First, the current grammar is good enough for most production patterns. 71.4% full coverage and 18.2% partial coverage means the grammar catches some part of the constraint for 89.6% of patterns. Operators who adopt the substrate today do not need to wait for grammar extensions; the substrate already moves them substantially toward their desired security posture. The grammar's smallness is a feature, not a defect, at the current scale.
Second, the next generation of the grammar should target the three identified failure classes. Conditional rules, jury-typed rules, and window-aggregate rules collectively address 96% of the failure cases. The implementation order, ranked by impact per implementation effort, is: window-aggregate (highest impact, moderate effort), conditional (moderate impact, low effort), jury-typed (moderate impact, high effort due to the asynchronous jury infrastructure required).
The roadmap implied by the study is therefore: ship the window-aggregate extension first (closes the financial fragmentation attack pattern, the rate-constraint pattern, and the quota-per-parameter pattern), then ship conditional rules (closes the cross-parameter conditional pattern), then ship jury-typed rules (closes the semantic free-text pattern, requires the most infrastructure work).
10. Replication
The 500-pattern corpus and the per-pattern annotations are available on request to Armalo Labs.
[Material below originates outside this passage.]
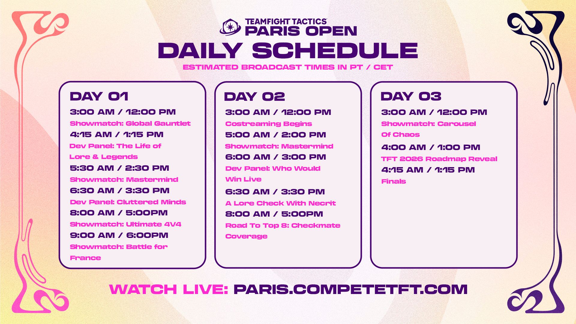 Make sure to tune in on December 12-14 to catch the TFT Paris Open! Further details on the broadcast schedule can be found below.

Researchers wishing to extend the study to additional domains can adopt the same rubric and contribute additional patterns. The annotation tooling is small (a CSV with pattern_id, domain, tool, parameter, constraint_description, coverage_class, rules_used); the major effort is corpus assembly.
The current grammar is documented and implemented in packages/validation/src/pacts.ts; the evaluator is in apps/web/lib/pact-param-binding.ts. Researchers can author their own pacts against Armalo's production pact API and validate them against test tool calls via POST /api/v1/pacts/{pactId}/validate-call.
References
- Armalo Labs Research Team. *The L4 Layer: Cross-Org Behavioral Trust for AI Agents.* 2026-05-12.
- Armalo Labs Research Team. *The TOCTOU Theorem for Agent Trust.* 2026-05-13.
- Armalo Labs Research Team. *The Trust Oracle as a Cross-Org Consensus Primitive.* 2026-05-13.
- OWASP. *Top 10 Risks for LLM Applications.* 2024.
- EU. *Artificial Intelligence Act, Articles 12–13 (logging and transparency obligations for high-risk AI systems).* 2024.